Une certaine poésie s’en dégage
Certes, Les Démons a pu se produire uniquement en conséquence du succès planétaire de Les Diables, mais écrivons-le tout de go : le film de Jess Franco n’est pas taillé dans le même bois que celui de Ken Russel. Cela ne signifie absolument pas que l’œuvre ici abordée est inintéressante, ou tout juste bonne à exploiter une faille. Non, d’ailleurs on remarque assez vite que l’atmosphère sait se trouver sa propre personnalité. Rien d’étonnant à cela, tant le réalisateur espagnol est un véritable auteur, qui imprime ses thèmes sur la pellicule, tout autant que les costumes et autres décors.

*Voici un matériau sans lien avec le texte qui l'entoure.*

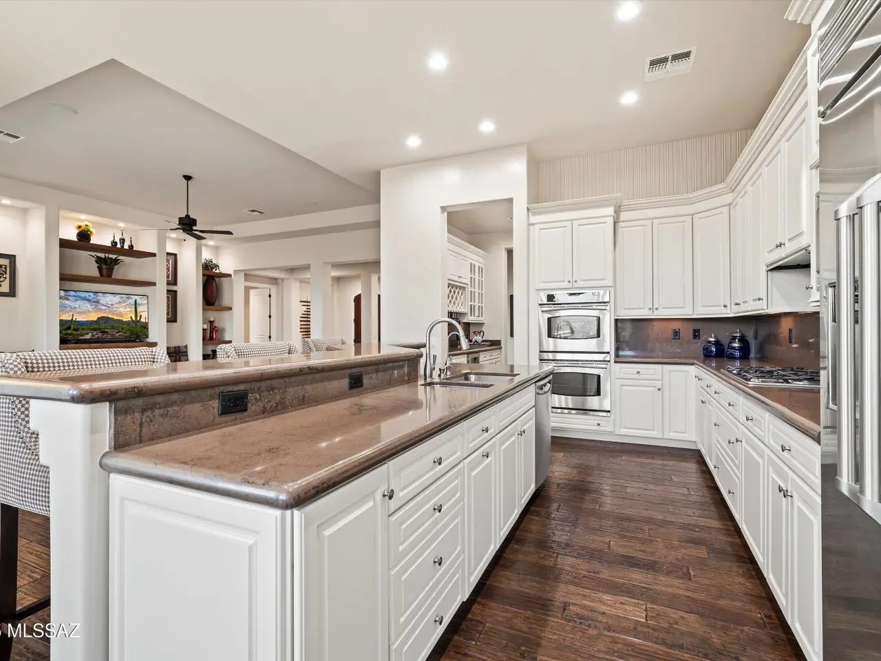 Stunning Golf Course Living in The Preserve! Tierra model w/ casita on a premium golf course lot offering stunning mountain views & easy access to upscale community amenities. Formerly a model home, features a gourmet kitchen w/ premium cabinetry, solid quartz countertops & backsplash, gas range, and a convenient butler's pantry. Spacious great room & den showcase custom built-ins, while the luxurious primary suite includes a soaking tub, oversized shower, makeup vanity, & dual walk-in closets. Guests enjoy a Jack & Jill bath with separate vanities. The 400+ sq ft casita features a fireplace, kitchenette, full bath, and walk-in closet. Outdoor living is ideal w/ a covered patio, pool, & soothing waterfalls. 3-car garage + temperature-controlled workshop complete this must-see home!

Le film est traversé d’une ambiance qui ne déplaira pas aux amateurs du Marquis de Sade, l’auteur préféré du metteur en scène. Le nœud dramatique fait certes un peu prétexte à l’étalage de corps féminin dévêtu, ce qui s’avère loin d’être désagréable (ah, Britt Nichols…), mais souvent pour servir une tonalité anticléricale marquée.
Les Démons vaut aussi pour son trio d’antagonistes assez gratiné. Le plus mémorable étant, sans aucun doute, l’impitoyable Lord Justice Jeffries (incarné par un certain Cihangir Gaffari), véritable personnage historique, et tout aussi cruel en son temps que sur pellicule. Quelques séquences, sans être particulièrement gores, ont tout de même assez d’impact pour justifier l’interdiction aux moins de seize ans, même si celle-ci est bien entendu plus due aux plans olé-olé. D’ailleurs, l’œil lascif du réalisateur, véritable ralentisseur de temporalité, est assez typique de ce qu’il a pu livrer : on est globalement sur du niveau M6 du dimanche soir, voilà quelques années. Sans être désagréable, il manque peut-être encore à ces scènes un peu du vice qui s’échappe pourtant du nœud dramatique. Quant au scénario, il ne peut pas non plus s’enorgueillir d’une quelconque faculté à nous surprendre. Comme souvent dans la filmographie de Jess Franco, Les Démons vaut surtout pour cette sorte de poésie étrange qui s’en dégage, et ne parlera qu’à celles et ceux qui y sont sensibles. Ceux-ci (re)découvriront un effort appliqué, plastiquement soigné, mais manquant peut-être un peu de valeur ajoutée.